Steve Brotherstone
- Full name: Steven James Brotherstone
- Born: 16 April 1971 (age 54) Duns, Scotland
- Height: 183 cm (6 ft 0 in)
- Weight: 104 kg (229 lb; 16 st 5 lb)
- Occupation(s): Rugby player

Rugby union career
- Position(s): Hooker

Senior career
- Years: Team / Apps / (Points)
- 1998–: Edinburgh Reivers /  / ()
- 1999–2000: CA Brive /  / ()
- 2000: Northampton Saints / 20 / (0)
- 2002–2002: Newcastle Falcons / 16 / (0)
- 2003–2003: Gloucester Rugby / 6 / (0)
- Correct as of 7 October 2017

International career
- Years: Team / Apps / (Points)
- 1999–2002: Scotland / 8
- 2000–2002: Scotland A
- Correct as of 7 October 2017

= Steve Brotherstone =

Scotland international rugby union player

Steve Brotherstone (born 16 April 1971) is a former professional rugby union player who won eight caps for Scotland 1999–2002. He played at hooker and his career included appearances for Edinburgh Reivers, Brive, Newcastle Falcons, Northampton Saints and Gloucester Rugby.

==Early life==
Brotherstone was born 16 April 1971 in Duns.

==Club rugby==
In 1998 when the Scottish Rugby Union (SRU) formed super-districts, Brotherstone signed for Edinburgh Reivers.

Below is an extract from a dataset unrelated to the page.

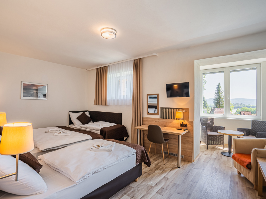 Lipno (z własną hotelową plażą) – 420 m, Černá v Pošumaví – 4 km, Dolní Vltavice, centrum – 5,2 km, Aquaworld Lipno – 22 km, SlideLand Lipno – 22 km, Ścieżka w koronach drzew – 23 km, Český Krumlov – 25 km, zamek Rožmberk – 32,5 km, Plešné jezero – 33 km, wieża widokowa Moldaublick (AT) – 43 km
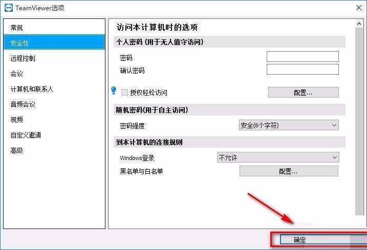 5.设置完毕后,将光标移至页面底部的“确定”按钮,点击以完成密码设置,使您的TeamViewer会话更加安全。

In 2000 appeared in French Cup final for Brive.

In 2002 he joined Newcastle Falcons on loan.

In 2002 he was signed by Gloucester Rugby.

==International career==
Brotherstone made his debut for Scotland against Ireland at Murrayfield on 20 March 1999.

He played on the 2000 tour of New Zealand. In November 2000, after playing in seven tests, he was dropped to the Scotland A side. He returned for a final appearance for Scotland on a tour of North America as a substitute against Canada at Vancouver on 15 June 2002.

In 2004 he retired from his playing career.